■ **Records shown**:
★ ★ ★
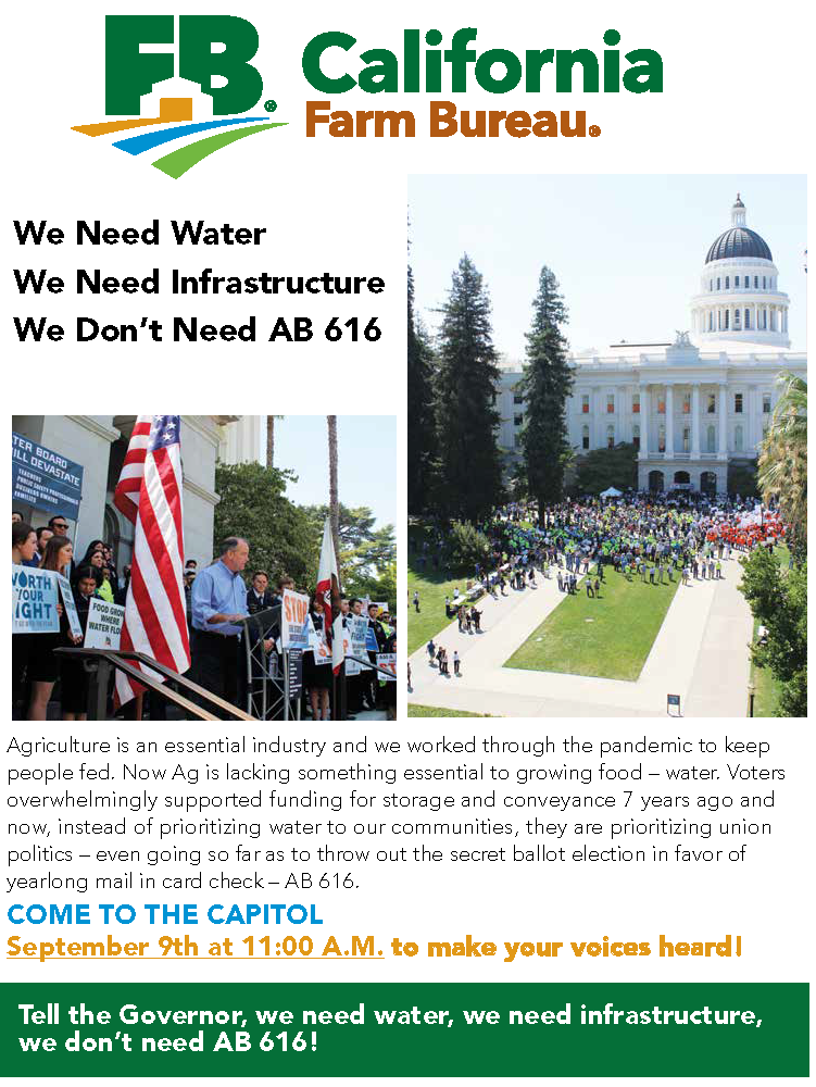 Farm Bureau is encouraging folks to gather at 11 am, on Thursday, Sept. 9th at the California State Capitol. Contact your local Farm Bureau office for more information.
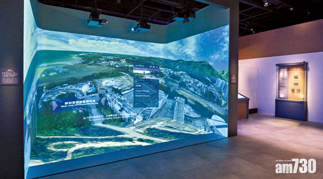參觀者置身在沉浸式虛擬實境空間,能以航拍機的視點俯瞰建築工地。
★ ★ ★
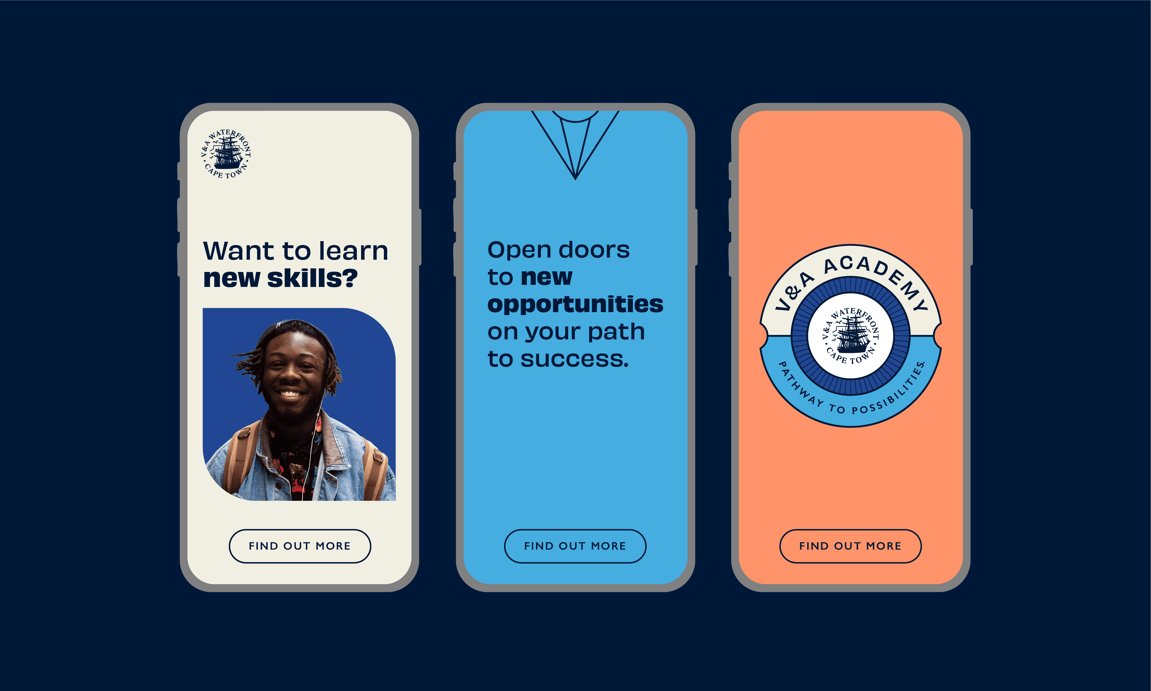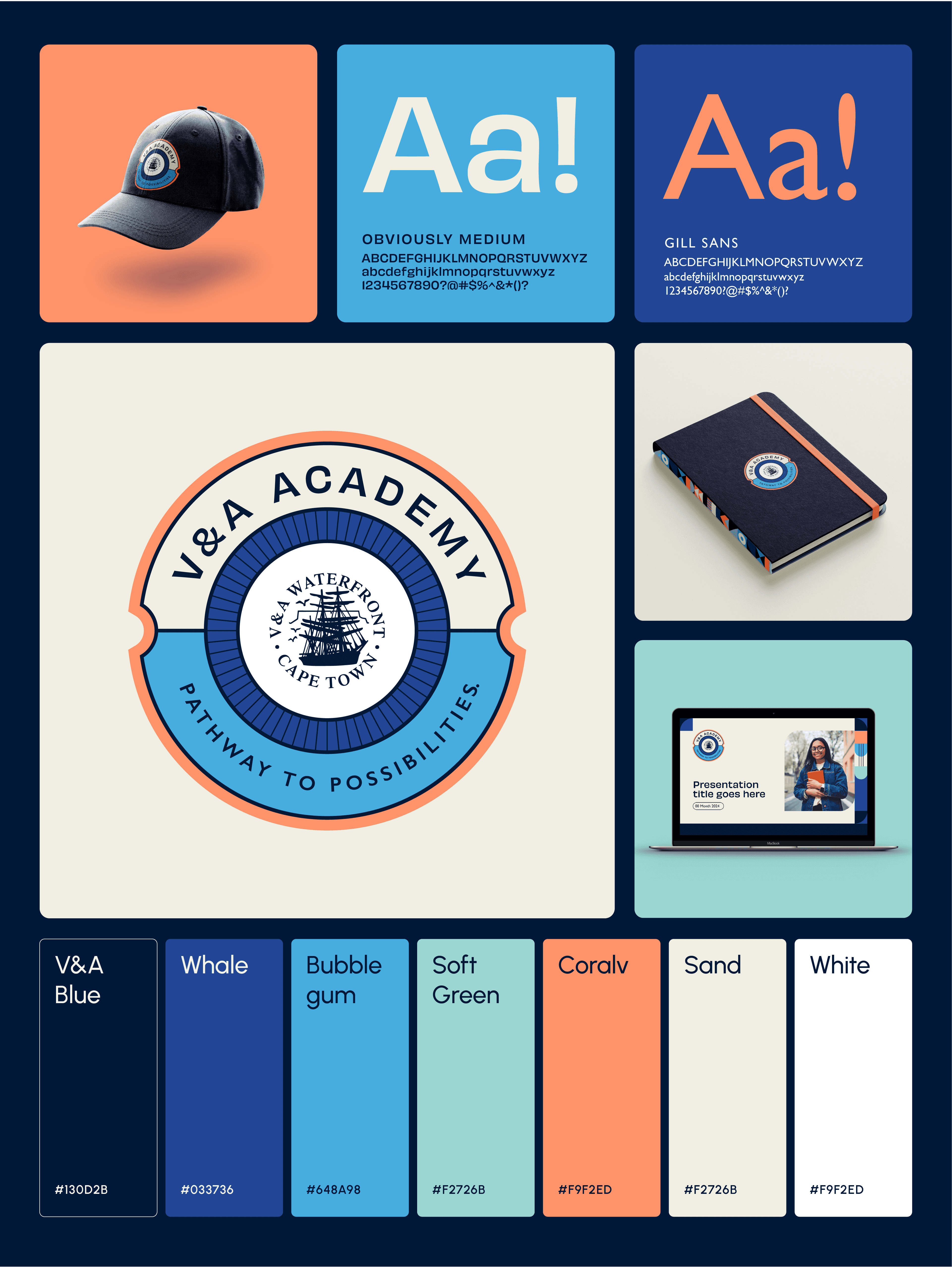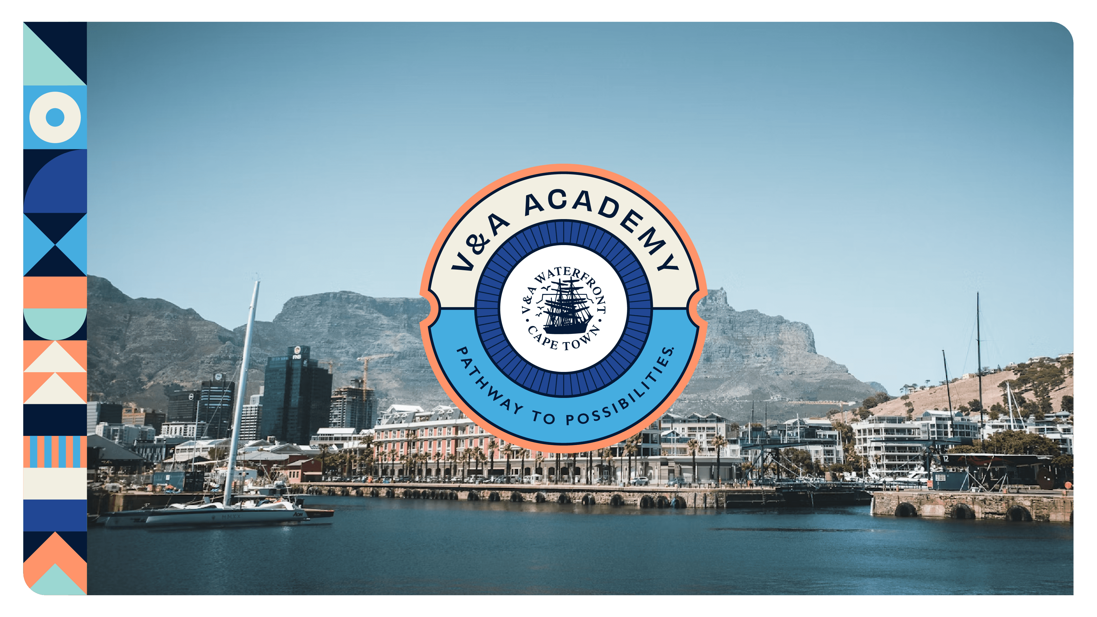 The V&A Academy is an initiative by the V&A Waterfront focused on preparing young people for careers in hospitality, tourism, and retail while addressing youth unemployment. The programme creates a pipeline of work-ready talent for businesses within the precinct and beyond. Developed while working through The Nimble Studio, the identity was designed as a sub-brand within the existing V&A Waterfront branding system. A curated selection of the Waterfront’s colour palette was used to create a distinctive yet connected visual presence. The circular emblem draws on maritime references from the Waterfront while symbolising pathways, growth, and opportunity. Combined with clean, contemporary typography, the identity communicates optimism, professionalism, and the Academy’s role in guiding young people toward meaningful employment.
★ ★ ★
■ **Required action**:
Drop the pictures; return the lines above from the line containing "Farm Bureau is" to the line containing "參觀者置身在沉浸式虛擬實境空間,能以航拍機的視點俯瞰建築工地。", both included, exactly.

■ **Exercise answer**:
 Farm Bureau is encouraging folks to gather at 11 am, on Thursday, Sept. 9th at the California State Capitol. Contact your local Farm Bureau office for more information.
參觀者置身在沉浸式虛擬實境空間,能以航拍機的視點俯瞰建築工地。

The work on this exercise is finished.